_Activity:_ Each entry should be transcribed exactly as written, and any picture left out.

_Dataset records:_
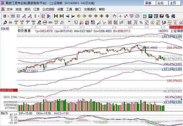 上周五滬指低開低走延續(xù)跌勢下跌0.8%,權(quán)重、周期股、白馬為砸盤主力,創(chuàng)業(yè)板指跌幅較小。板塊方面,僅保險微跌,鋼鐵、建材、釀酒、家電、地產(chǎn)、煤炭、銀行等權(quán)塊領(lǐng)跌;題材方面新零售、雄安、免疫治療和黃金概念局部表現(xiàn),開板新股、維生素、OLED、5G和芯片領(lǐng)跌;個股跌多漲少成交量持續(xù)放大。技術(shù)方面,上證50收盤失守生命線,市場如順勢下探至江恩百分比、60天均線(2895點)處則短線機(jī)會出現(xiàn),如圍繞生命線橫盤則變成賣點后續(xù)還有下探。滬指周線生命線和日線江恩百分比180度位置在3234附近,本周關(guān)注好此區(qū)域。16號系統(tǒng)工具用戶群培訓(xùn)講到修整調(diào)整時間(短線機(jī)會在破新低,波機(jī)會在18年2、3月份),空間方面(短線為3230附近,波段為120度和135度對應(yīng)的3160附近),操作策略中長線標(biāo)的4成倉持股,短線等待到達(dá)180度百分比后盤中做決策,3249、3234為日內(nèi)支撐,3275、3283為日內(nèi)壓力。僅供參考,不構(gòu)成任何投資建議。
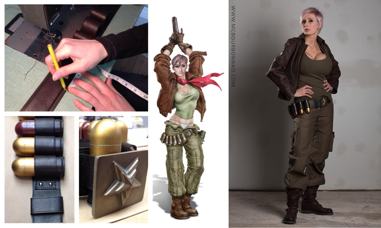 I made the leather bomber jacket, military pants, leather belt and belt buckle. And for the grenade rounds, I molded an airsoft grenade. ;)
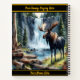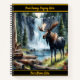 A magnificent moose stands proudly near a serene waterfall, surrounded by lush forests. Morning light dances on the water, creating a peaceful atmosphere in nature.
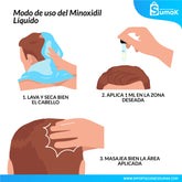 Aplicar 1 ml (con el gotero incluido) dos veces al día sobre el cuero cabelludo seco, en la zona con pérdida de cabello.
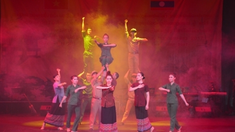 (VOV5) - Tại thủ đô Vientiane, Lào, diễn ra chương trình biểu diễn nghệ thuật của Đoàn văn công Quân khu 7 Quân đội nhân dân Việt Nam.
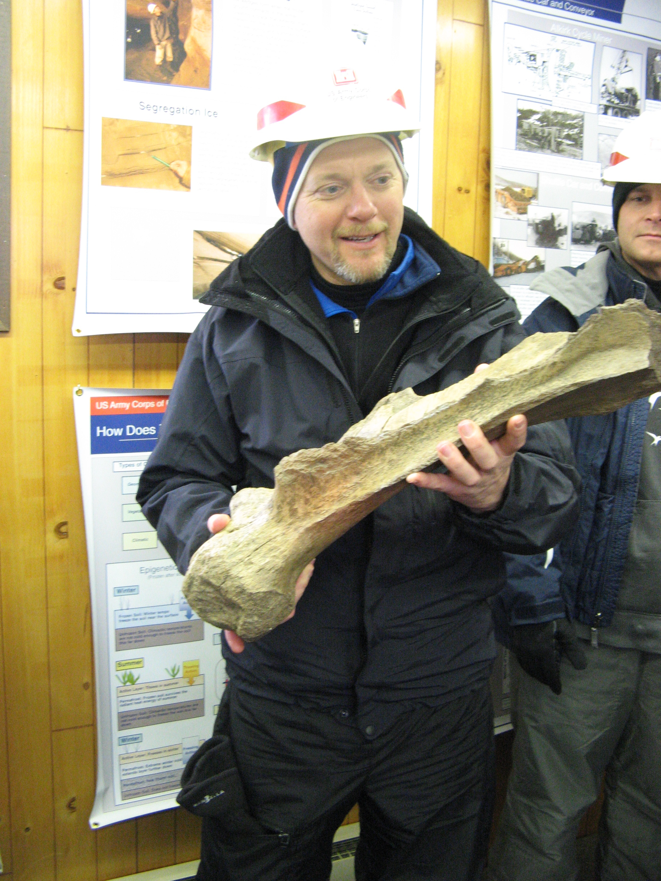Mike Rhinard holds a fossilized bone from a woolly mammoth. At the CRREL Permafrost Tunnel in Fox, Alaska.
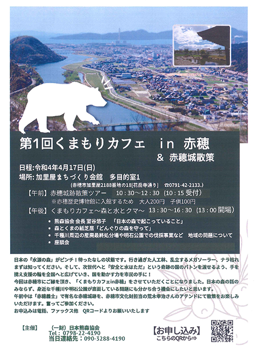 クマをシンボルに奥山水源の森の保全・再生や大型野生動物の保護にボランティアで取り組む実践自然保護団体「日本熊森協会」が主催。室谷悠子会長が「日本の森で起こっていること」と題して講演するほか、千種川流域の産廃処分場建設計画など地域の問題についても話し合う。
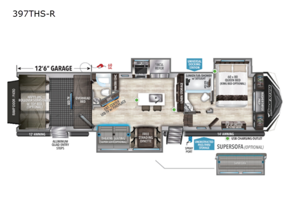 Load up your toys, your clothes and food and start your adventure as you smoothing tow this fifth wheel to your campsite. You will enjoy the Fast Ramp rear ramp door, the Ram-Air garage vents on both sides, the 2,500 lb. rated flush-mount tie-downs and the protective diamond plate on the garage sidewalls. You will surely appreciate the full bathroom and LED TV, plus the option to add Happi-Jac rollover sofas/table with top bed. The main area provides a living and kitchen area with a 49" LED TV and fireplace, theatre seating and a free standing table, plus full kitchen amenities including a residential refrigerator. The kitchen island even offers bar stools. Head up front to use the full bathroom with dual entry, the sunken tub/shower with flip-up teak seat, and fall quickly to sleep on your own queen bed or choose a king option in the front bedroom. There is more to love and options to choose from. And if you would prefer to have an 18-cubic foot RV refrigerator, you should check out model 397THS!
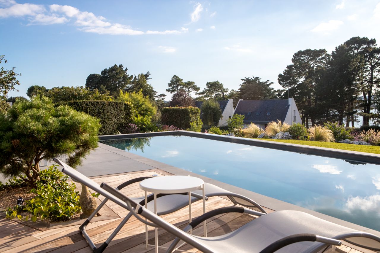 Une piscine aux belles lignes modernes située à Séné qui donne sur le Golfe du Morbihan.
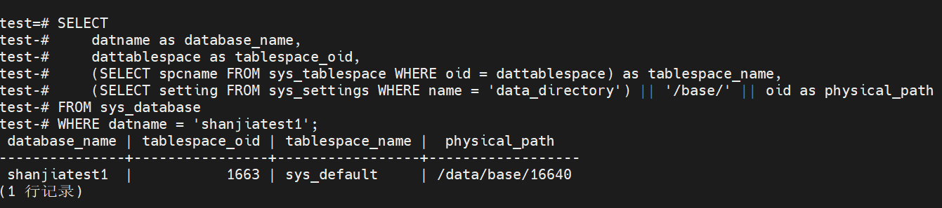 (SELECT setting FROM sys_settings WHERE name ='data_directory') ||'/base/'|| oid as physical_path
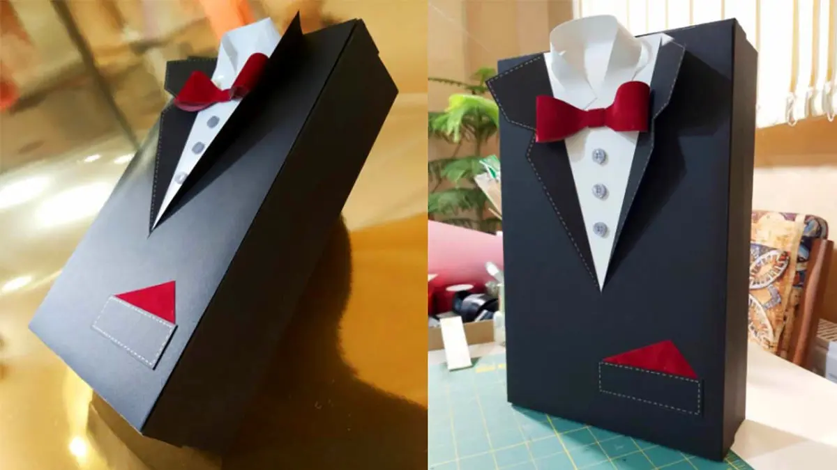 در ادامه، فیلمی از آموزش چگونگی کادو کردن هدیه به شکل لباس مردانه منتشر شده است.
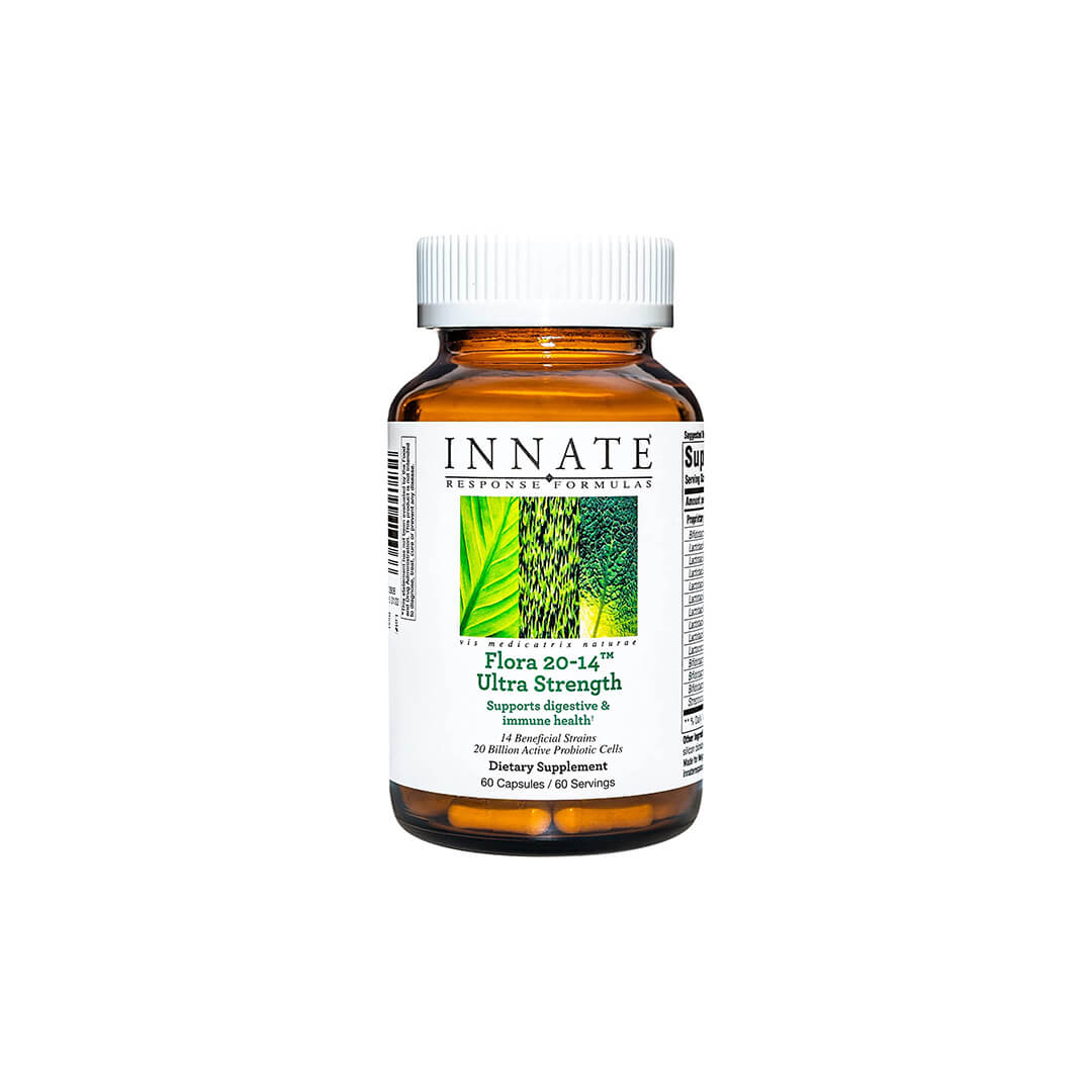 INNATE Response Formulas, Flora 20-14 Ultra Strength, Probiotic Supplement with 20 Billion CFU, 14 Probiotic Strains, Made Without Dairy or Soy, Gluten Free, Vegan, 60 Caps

_Solution:_
 上周五滬指低開低走延續(xù)跌勢下跌0.8%,權(quán)重、周期股、白馬為砸盤主力,創(chuàng)業(yè)板指跌幅較小。板塊方面,僅保險微跌,鋼鐵、建材、釀酒、家電、地產(chǎn)、煤炭、銀行等權(quán)塊領(lǐng)跌;題材方面新零售、雄安、免疫治療和黃金概念局部表現(xiàn),開板新股、維生素、OLED、5G和芯片領(lǐng)跌;個股跌多漲少成交量持續(xù)放大。技術(shù)方面,上證50收盤失守生命線,市場如順勢下探至江恩百分比、60天均線(2895點)處則短線機(jī)會出現(xiàn),如圍繞生命線橫盤則變成賣點后續(xù)還有下探。滬指周線生命線和日線江恩百分比180度位置在3234附近,本周關(guān)注好此區(qū)域。16號系統(tǒng)工具用戶群培訓(xùn)講到修整調(diào)整時間(短線機(jī)會在破新低,波機(jī)會在18年2、3月份),空間方面(短線為3230附近,波段為120度和135度對應(yīng)的3160附近),操作策略中長線標(biāo)的4成倉持股,短線等待到達(dá)180度百分比后盤中做決策,3249、3234為日內(nèi)支撐,3275、3283為日內(nèi)壓力。僅供參考,不構(gòu)成任何投資建議。
 I made the leather bomber jacket, military pants, leather belt and belt buckle. And for the grenade rounds, I molded an airsoft grenade. ;)
 A magnificent moose stands proudly near a serene waterfall, surrounded by lush forests. Morning light dances on the water, creating a peaceful atmosphere in nature.
 Aplicar 1 ml (con el gotero incluido) dos veces al día sobre el cuero cabelludo seco, en la zona con pérdida de cabello.
 (VOV5) - Tại thủ đô Vientiane, Lào, diễn ra chương trình biểu diễn nghệ thuật của Đoàn văn công Quân khu 7 Quân đội nhân dân Việt Nam.
Mike Rhinard holds a fossilized bone from a woolly mammoth. At the CRREL Permafrost Tunnel in Fox, Alaska.
 クマをシンボルに奥山水源の森の保全・再生や大型野生動物の保護にボランティアで取り組む実践自然保護団体「日本熊森協会」が主催。室谷悠子会長が「日本の森で起こっていること」と題して講演するほか、千種川流域の産廃処分場建設計画など地域の問題についても話し合う。
 Load up your toys, your clothes and food and start your adventure as you smoothing tow this fifth wheel to your campsite. You will enjoy the Fast Ramp rear ramp door, the Ram-Air garage vents on both sides, the 2,500 lb. rated flush-mount tie-downs and the protective diamond plate on the garage sidewalls. You will surely appreciate the full bathroom and LED TV, plus the option to add Happi-Jac rollover sofas/table with top bed. The main area provides a living and kitchen area with a 49" LED TV and fireplace, theatre seating and a free standing table, plus full kitchen amenities including a residential refrigerator. The kitchen island even offers bar stools. Head up front to use the full bathroom with dual entry, the sunken tub/shower with flip-up teak seat, and fall quickly to sleep on your own queen bed or choose a king option in the front bedroom. There is more to love and options to choose from. And if you would prefer to have an 18-cubic foot RV refrigerator, you should check out model 397THS!
 Une piscine aux belles lignes modernes située à Séné qui donne sur le Golfe du Morbihan.
 (SELECT setting FROM sys_settings WHERE name ='data_directory') ||'/base/'|| oid as physical_path
 در ادامه، فیلمی از آموزش چگونگی کادو کردن هدیه به شکل لباس مردانه منتشر شده است.
 INNATE Response Formulas, Flora 20-14 Ultra Strength, Probiotic Supplement with 20 Billion CFU, 14 Probiotic Strains, Made Without Dairy or Soy, Gluten Free, Vegan, 60 Caps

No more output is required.